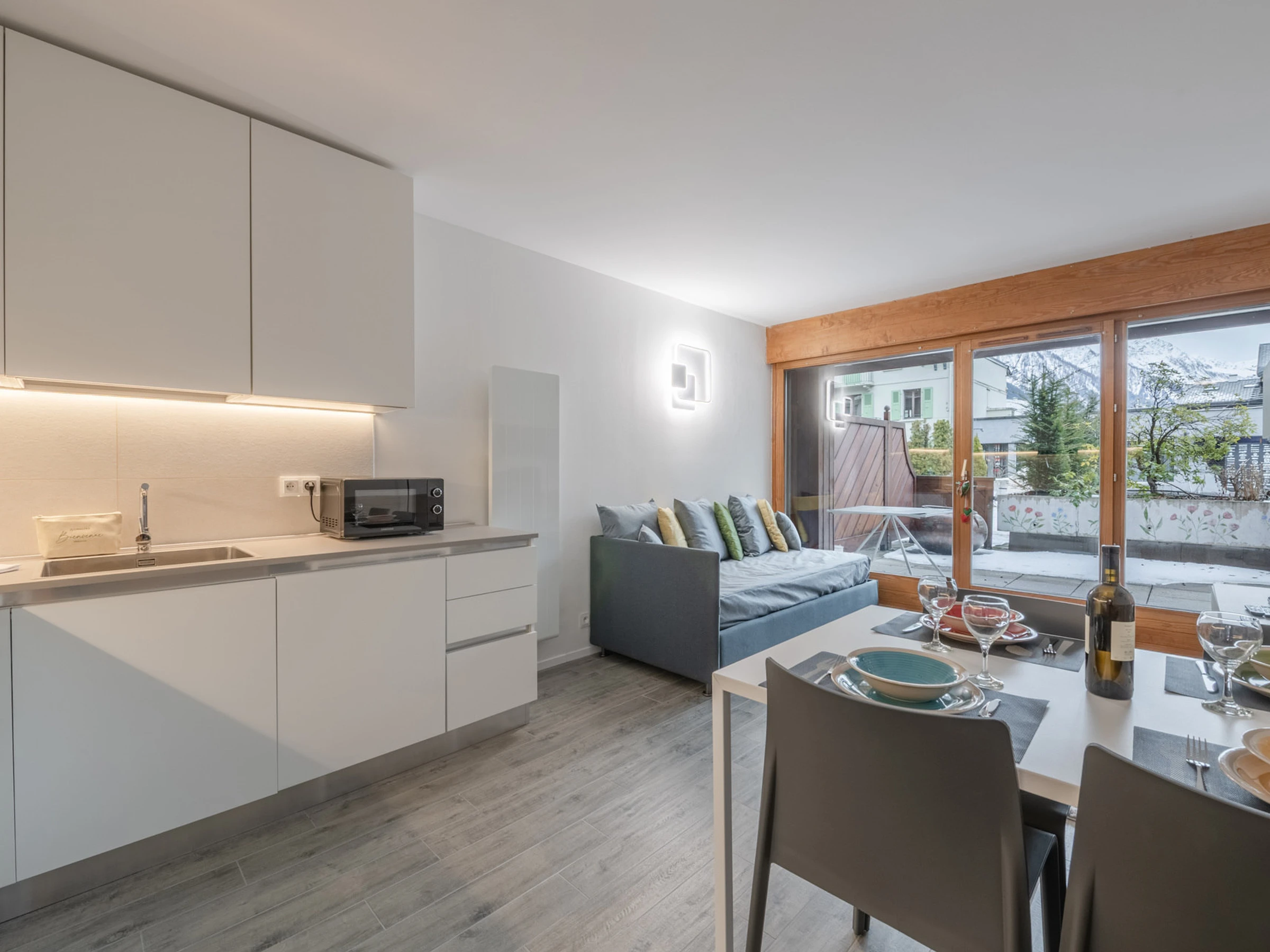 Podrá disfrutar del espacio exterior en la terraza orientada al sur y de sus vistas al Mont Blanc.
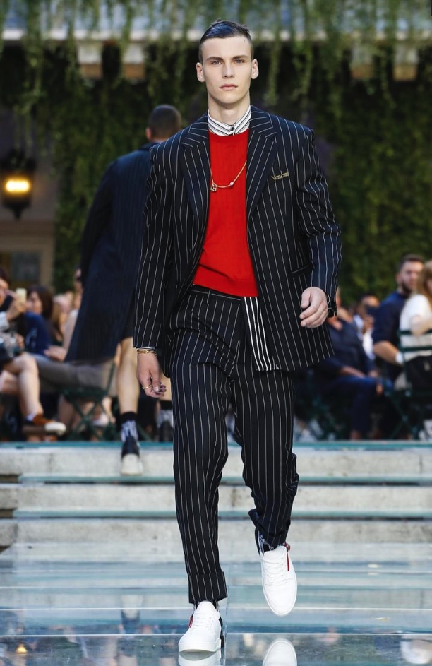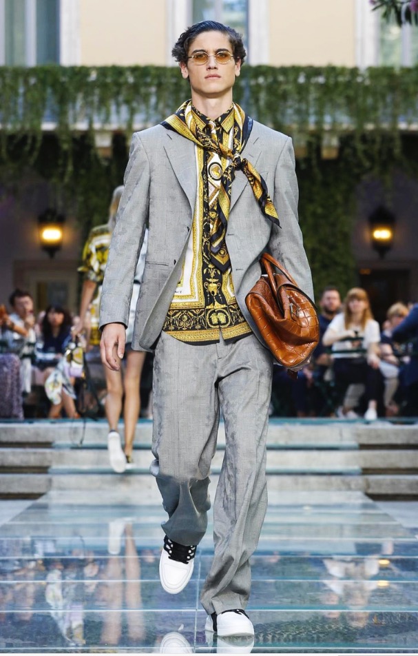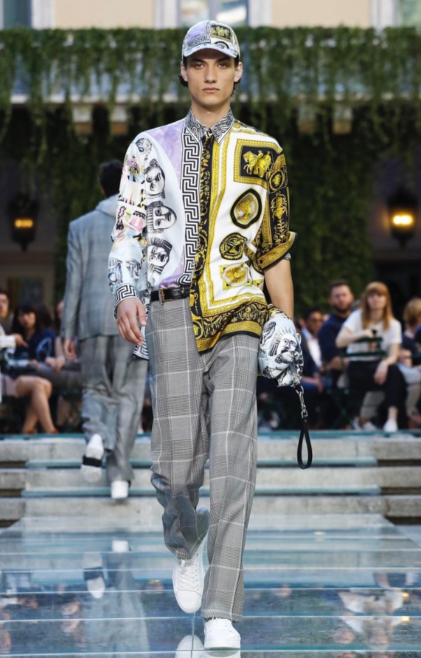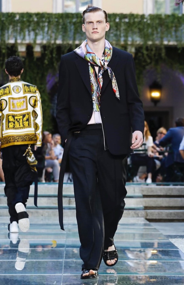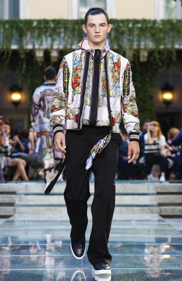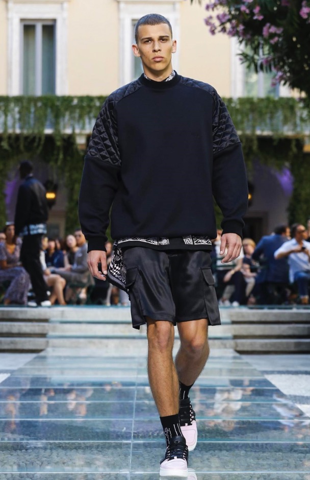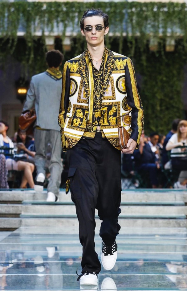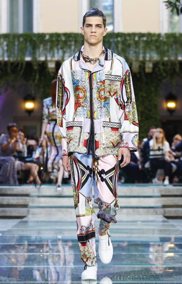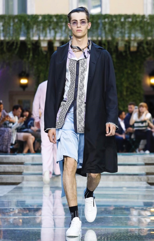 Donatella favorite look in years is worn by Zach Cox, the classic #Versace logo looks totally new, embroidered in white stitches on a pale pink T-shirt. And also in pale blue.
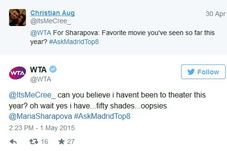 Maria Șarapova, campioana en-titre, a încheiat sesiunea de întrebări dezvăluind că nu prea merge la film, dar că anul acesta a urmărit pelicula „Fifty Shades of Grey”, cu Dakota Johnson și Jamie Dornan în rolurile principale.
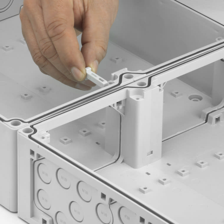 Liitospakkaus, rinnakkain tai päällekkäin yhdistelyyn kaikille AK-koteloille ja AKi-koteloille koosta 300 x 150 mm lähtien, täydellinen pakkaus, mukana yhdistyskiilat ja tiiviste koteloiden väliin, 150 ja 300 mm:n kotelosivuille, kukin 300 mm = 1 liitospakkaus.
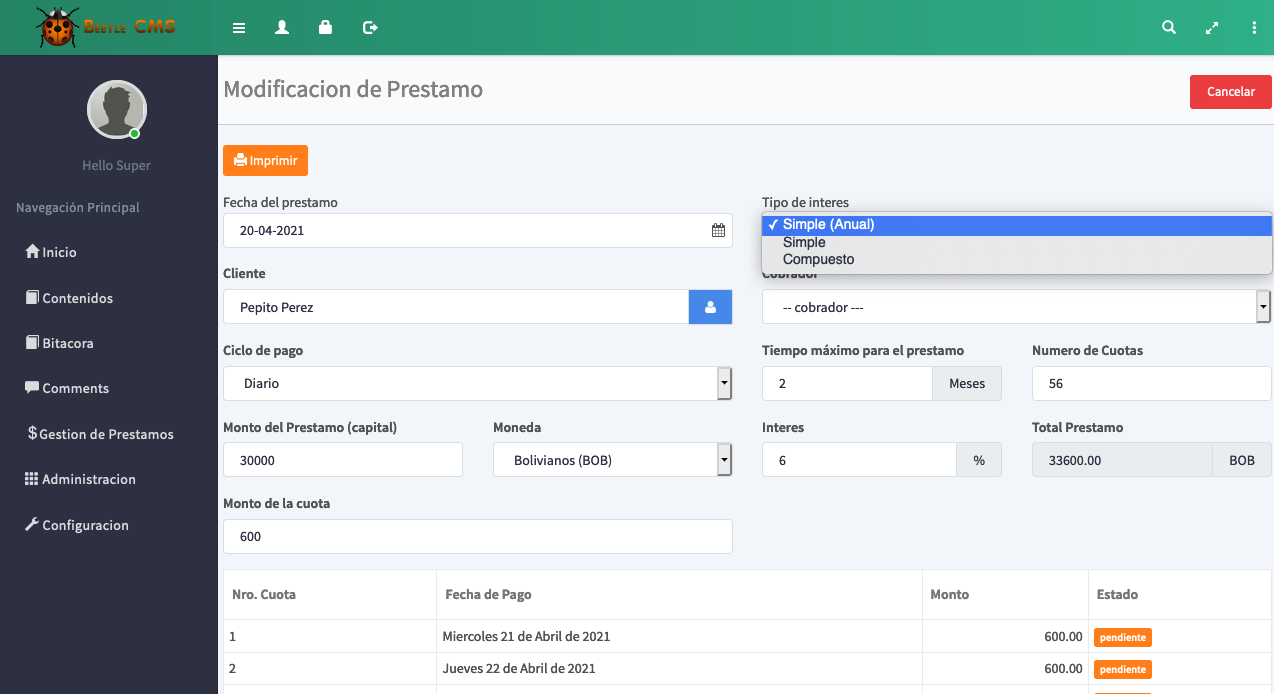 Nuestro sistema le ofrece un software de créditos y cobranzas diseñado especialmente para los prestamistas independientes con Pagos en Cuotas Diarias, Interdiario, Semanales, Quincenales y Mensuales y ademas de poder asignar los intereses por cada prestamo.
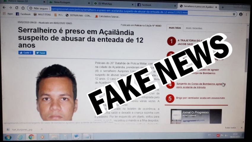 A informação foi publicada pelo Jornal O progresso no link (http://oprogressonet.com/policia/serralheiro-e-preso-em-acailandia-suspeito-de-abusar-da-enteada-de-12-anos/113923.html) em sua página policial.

━━━━━━━━━━━━━━━━

TASK STATEMENT>
Your answer should contain only the lines from the beginning of the listing above through the line with "Donatella favorite look", copied exactly and without the pictures.

PROBLEM SOLUTION>
 Podrá disfrutar del espacio exterior en la terraza orientada al sur y de sus vistas al Mont Blanc.
 Donatella favorite look in years is worn by Zach Cox, the classic #Versace logo looks totally new, embroidered in white stitches on a pale pink T-shirt. And also in pale blue.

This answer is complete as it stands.